State-owned Passenger Rail Agency of South Africa (Prasa) is in the final negotiations with its preferred bidder, the Cabinet-endorsed Gibela Rail Transportation consortium, comprising French multinational Alstom and local engineering company Actom, for the first phase of the R51-billion contract.
Auditing and advisory firm KPMG led the feasibility study and is now the lead financial and commercial adviser for the procurement stage of the contract, as well as the joint lead on the project’s localisation advisory team.
This is according to KPMG head of global infrastructure and projects group DeBuys Scott, who adds that Prasa and the consortium are concluding the financial transaction, whereby Prasa hopes to replace its entire fleet with 7 200 units over two phases within 20 years, at an expected cost of R123-billion.
During the first phase, 3 600 passenger trains will be designed and constructed for Prasa. Phase 1, starting in 2015, will take ten years and the second ten-year phase will begin in 2025.
The rolling stock fleet replacement project marks the first time that an entire stock fleet, in South Africa, is being replaced by new rolling stock. About one-third of the current fleet – more than 5 000 units – cannot be repaired economically.
As part of the contract, the successful bidder will establish and equip a new factory to design and manufacture new rolling stock for Prasa.
Scott estimates that it will take about two years for the factory to be built and expects the first new trains to be completed by the last quarter of 2015.
He says the rolling stock fleet replacement project will break new ground with regard to localisation and industrialisation, as the new factory will enable South Africa to establish a rail industry.
“A rail industry doesn’t exist in the country and, therefore, the monitoring of and ensuring that localisation does take place are vital. That’s why a team was established to advise on the impact of localisation through this project. A total of 65% of the contract must be localised for the duration of the project,” Scott says.
The project will not only employ local people but will also enable South Africa to build and supply its own rolling stock.
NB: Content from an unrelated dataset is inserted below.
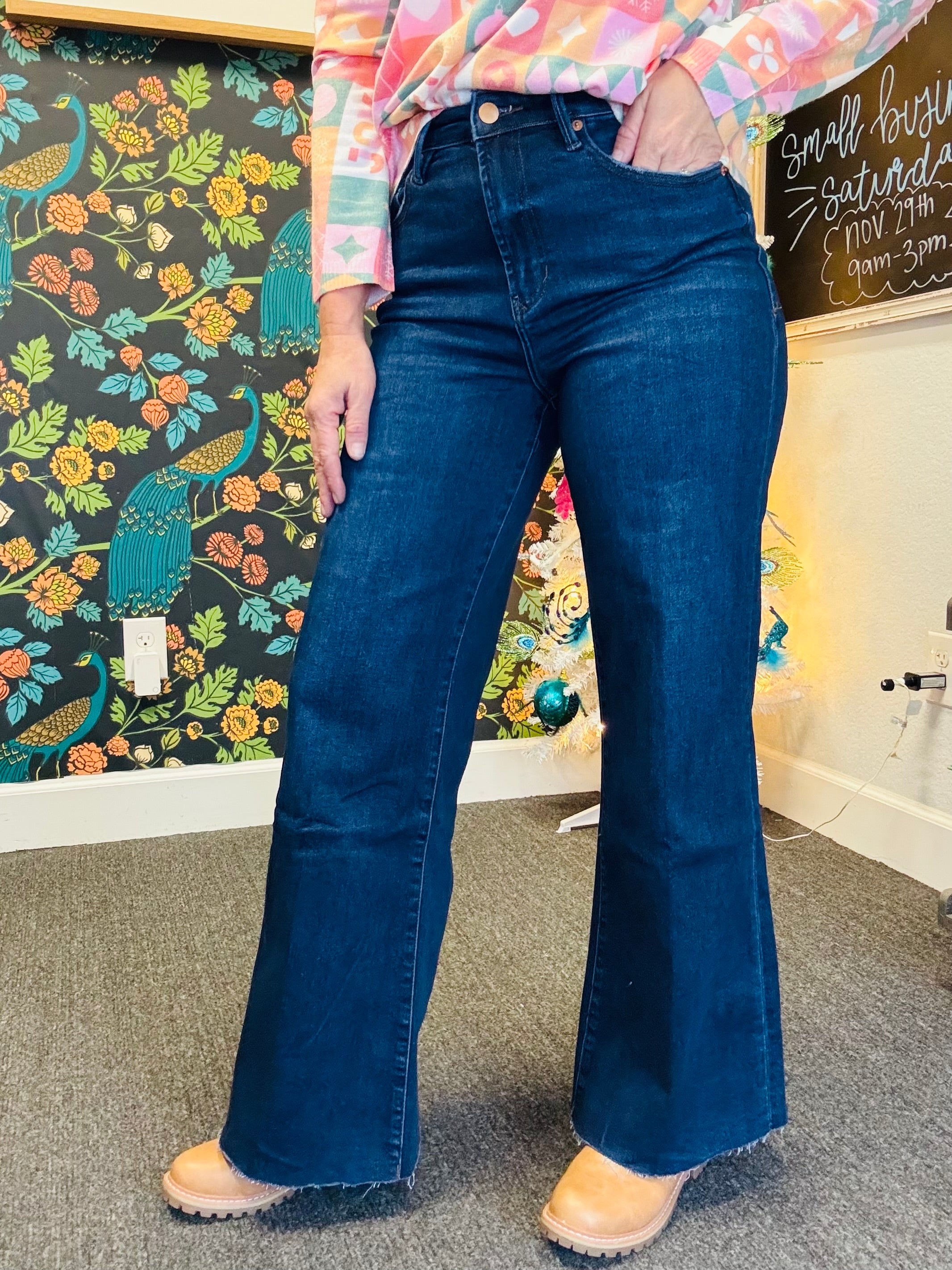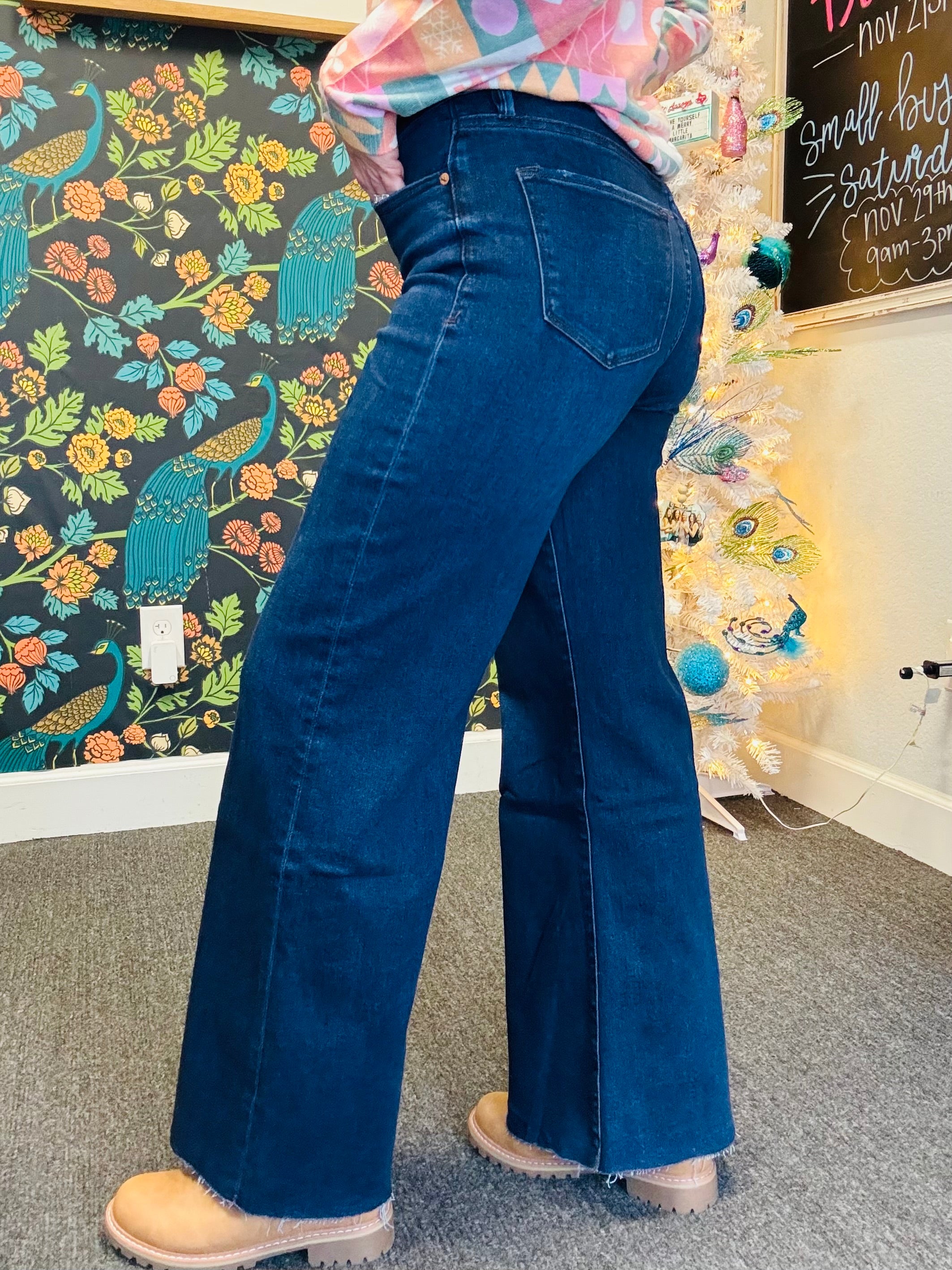 Meet the Dark Knight Fiona Jeans by Dear John—a favorite fit for so many! These wide-leg jeans in a rich Dark Knight wash combine sophistication with modern edge. Featuring a high-rise cut-off hem, they offer a sleek, flattering silhouette with a raw edge hem that adds just the right amount of attitude to classic tailoring.

This will ensure safer rolling stock that is supplied more quickly, Scott adds.
Further, as the biggest economy on the continent, he says, South Africa’s export potential for passenger rail into Africa is huge and, once a rail industry is established, this will improve the manufacturing sector of the country.
Scott believes that it is a positive time in the local transport industry, as different modes of transport are being invested in. “The long-term economical benefits will be great and will, in turn, impact positively on the country’s long-term development.”
South Africa is a developing country and there is development in every sector, which requires investment, he says. Therefore, there needs to be a balance between spending and getting the best value for money, which requires prioritisation on spending.
However, Scott says, through transport projects such as Prasa’s, foreign exchange is brought into the country.
“There are also more international investors entering the South African market, bringing their skills base to the country and transferring these skills to South Africa’s workers. It’s a long-term benefit for us,” Scott states.
Further, he says, while transport projects are not as severely affected by the strikes, stability is needed, as the country’s currency has weakened, which has had a direct impact on the acquisition of the trains for Prasa.